[Data extracted from a collection]
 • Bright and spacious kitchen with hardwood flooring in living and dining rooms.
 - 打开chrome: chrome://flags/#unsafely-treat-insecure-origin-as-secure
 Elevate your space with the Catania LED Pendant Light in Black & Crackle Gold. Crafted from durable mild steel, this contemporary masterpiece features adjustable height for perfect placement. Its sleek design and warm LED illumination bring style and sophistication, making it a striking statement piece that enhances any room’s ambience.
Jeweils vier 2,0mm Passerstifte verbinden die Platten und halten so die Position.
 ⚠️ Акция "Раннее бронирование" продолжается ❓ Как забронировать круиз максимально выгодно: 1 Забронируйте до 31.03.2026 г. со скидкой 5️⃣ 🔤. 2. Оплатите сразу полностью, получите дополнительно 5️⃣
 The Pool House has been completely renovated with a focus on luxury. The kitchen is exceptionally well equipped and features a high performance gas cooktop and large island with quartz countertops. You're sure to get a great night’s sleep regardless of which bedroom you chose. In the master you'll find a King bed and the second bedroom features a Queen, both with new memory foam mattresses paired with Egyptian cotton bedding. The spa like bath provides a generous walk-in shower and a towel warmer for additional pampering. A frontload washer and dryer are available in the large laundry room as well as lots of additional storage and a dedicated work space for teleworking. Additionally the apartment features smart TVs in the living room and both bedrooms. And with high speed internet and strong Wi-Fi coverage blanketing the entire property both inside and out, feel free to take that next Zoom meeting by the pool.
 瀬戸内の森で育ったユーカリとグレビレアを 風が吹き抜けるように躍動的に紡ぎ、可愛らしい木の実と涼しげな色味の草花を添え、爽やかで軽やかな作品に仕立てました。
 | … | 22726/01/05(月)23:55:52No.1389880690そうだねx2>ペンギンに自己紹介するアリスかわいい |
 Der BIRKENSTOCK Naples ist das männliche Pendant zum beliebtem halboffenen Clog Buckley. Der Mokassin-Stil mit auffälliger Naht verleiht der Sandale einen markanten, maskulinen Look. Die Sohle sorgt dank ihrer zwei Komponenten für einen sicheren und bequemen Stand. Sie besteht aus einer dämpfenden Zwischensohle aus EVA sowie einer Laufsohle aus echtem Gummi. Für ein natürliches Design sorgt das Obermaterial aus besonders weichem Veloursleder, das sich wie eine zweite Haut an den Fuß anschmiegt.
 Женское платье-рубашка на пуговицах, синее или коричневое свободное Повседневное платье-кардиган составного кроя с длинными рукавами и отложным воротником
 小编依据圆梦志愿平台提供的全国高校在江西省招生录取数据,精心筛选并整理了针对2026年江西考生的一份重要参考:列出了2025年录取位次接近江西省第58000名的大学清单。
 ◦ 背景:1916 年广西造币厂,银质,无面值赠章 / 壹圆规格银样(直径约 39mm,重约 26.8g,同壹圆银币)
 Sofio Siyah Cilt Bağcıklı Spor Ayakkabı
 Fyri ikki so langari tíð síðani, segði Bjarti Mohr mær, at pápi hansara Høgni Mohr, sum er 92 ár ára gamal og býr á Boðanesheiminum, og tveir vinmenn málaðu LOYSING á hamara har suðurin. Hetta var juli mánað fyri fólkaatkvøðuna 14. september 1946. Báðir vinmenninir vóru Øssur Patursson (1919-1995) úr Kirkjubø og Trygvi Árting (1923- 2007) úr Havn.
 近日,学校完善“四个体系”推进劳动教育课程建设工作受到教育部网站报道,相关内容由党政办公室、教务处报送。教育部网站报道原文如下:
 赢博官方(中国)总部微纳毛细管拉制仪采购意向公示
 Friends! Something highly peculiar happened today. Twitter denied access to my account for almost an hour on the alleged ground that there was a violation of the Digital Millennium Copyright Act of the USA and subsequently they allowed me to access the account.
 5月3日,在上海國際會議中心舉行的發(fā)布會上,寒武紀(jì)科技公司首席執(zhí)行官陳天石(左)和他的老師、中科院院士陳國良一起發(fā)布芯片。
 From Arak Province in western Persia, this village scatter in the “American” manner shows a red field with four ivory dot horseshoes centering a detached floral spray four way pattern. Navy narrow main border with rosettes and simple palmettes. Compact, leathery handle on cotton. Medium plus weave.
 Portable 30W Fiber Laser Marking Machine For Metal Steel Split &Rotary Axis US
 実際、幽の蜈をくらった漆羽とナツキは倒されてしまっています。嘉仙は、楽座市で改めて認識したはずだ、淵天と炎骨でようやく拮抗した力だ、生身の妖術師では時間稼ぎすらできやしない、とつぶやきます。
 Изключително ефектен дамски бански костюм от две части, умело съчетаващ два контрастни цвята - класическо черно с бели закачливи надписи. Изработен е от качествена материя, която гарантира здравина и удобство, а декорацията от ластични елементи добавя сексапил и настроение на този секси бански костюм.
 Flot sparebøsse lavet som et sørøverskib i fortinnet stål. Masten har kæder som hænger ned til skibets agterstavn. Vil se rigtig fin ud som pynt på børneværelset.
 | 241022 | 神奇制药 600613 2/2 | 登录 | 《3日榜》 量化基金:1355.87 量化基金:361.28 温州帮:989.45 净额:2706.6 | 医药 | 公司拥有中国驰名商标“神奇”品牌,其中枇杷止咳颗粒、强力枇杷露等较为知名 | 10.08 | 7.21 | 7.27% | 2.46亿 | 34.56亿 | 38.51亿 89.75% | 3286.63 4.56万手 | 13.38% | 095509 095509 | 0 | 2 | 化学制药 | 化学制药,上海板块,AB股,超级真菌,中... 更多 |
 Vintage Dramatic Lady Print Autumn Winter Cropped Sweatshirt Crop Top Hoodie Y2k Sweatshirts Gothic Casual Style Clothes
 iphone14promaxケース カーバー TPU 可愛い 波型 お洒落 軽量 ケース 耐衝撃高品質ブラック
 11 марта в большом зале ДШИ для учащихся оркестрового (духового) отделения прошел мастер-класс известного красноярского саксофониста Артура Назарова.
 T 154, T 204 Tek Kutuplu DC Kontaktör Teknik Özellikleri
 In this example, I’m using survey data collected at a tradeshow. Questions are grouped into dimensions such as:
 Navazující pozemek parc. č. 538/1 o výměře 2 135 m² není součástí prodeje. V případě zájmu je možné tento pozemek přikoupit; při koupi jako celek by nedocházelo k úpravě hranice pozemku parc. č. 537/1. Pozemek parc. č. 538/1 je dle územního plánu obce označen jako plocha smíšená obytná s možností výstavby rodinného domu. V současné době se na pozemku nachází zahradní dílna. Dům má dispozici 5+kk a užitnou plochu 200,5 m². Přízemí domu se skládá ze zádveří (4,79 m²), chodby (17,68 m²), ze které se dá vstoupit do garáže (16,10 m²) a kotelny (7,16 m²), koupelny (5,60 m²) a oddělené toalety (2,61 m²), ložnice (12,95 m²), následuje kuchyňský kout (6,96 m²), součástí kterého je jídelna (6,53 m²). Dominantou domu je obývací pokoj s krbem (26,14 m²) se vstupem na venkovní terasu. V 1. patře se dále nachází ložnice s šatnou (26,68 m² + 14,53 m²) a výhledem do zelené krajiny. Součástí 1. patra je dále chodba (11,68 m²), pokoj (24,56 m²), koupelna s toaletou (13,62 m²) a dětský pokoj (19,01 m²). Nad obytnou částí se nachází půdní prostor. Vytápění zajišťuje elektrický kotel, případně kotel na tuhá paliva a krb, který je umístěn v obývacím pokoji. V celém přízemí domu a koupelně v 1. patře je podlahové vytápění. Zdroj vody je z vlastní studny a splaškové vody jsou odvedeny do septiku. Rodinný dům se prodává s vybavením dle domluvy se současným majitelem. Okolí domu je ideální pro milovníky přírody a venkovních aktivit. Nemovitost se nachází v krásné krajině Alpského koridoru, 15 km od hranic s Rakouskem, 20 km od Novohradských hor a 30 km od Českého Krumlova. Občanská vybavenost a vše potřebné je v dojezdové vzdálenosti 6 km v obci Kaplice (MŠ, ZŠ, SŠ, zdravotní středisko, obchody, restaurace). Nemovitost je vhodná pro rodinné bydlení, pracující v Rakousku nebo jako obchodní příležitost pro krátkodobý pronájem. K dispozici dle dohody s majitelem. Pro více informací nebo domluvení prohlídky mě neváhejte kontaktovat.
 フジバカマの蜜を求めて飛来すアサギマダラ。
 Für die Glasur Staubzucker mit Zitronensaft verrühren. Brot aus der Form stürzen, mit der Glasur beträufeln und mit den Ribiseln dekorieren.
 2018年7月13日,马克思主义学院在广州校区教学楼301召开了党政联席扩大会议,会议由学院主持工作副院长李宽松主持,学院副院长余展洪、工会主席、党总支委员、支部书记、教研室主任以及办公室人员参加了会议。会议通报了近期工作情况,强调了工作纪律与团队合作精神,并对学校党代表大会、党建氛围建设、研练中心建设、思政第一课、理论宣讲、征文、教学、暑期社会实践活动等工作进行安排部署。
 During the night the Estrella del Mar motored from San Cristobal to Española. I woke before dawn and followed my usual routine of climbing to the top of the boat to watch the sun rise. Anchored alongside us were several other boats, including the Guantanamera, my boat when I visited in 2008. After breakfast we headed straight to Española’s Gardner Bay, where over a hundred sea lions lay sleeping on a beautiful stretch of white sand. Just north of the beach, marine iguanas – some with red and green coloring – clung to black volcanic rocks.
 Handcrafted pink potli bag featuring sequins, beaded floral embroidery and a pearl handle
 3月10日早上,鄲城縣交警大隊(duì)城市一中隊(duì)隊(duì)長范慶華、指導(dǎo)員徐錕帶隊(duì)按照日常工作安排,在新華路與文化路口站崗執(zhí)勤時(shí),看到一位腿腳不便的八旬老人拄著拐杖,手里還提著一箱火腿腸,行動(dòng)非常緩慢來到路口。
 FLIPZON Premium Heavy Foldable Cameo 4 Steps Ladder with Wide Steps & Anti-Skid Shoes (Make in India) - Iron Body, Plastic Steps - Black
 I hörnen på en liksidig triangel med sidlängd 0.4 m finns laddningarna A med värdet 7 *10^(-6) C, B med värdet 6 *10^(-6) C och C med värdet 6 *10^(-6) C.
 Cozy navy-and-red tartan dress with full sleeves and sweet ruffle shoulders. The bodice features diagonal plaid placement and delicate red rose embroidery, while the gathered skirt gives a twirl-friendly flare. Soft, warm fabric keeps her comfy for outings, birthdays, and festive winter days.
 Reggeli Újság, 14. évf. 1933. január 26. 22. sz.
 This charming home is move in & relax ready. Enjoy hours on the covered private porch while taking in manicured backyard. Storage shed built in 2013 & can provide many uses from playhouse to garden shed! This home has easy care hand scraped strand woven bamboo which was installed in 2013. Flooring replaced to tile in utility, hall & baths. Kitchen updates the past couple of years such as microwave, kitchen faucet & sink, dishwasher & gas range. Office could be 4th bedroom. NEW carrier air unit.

■ WORK TO COMPLETE ■
Sift through the entries and copy every line with "embroidery".

■ REPLY TO THE TASK ■
 Handcrafted pink potli bag featuring sequins, beaded floral embroidery and a pearl handle
 Cozy navy-and-red tartan dress with full sleeves and sweet ruffle shoulders. The bodice features diagonal plaid placement and delicate red rose embroidery, while the gathered skirt gives a twirl-friendly flare. Soft, warm fabric keeps her comfy for outings, birthdays, and festive winter days.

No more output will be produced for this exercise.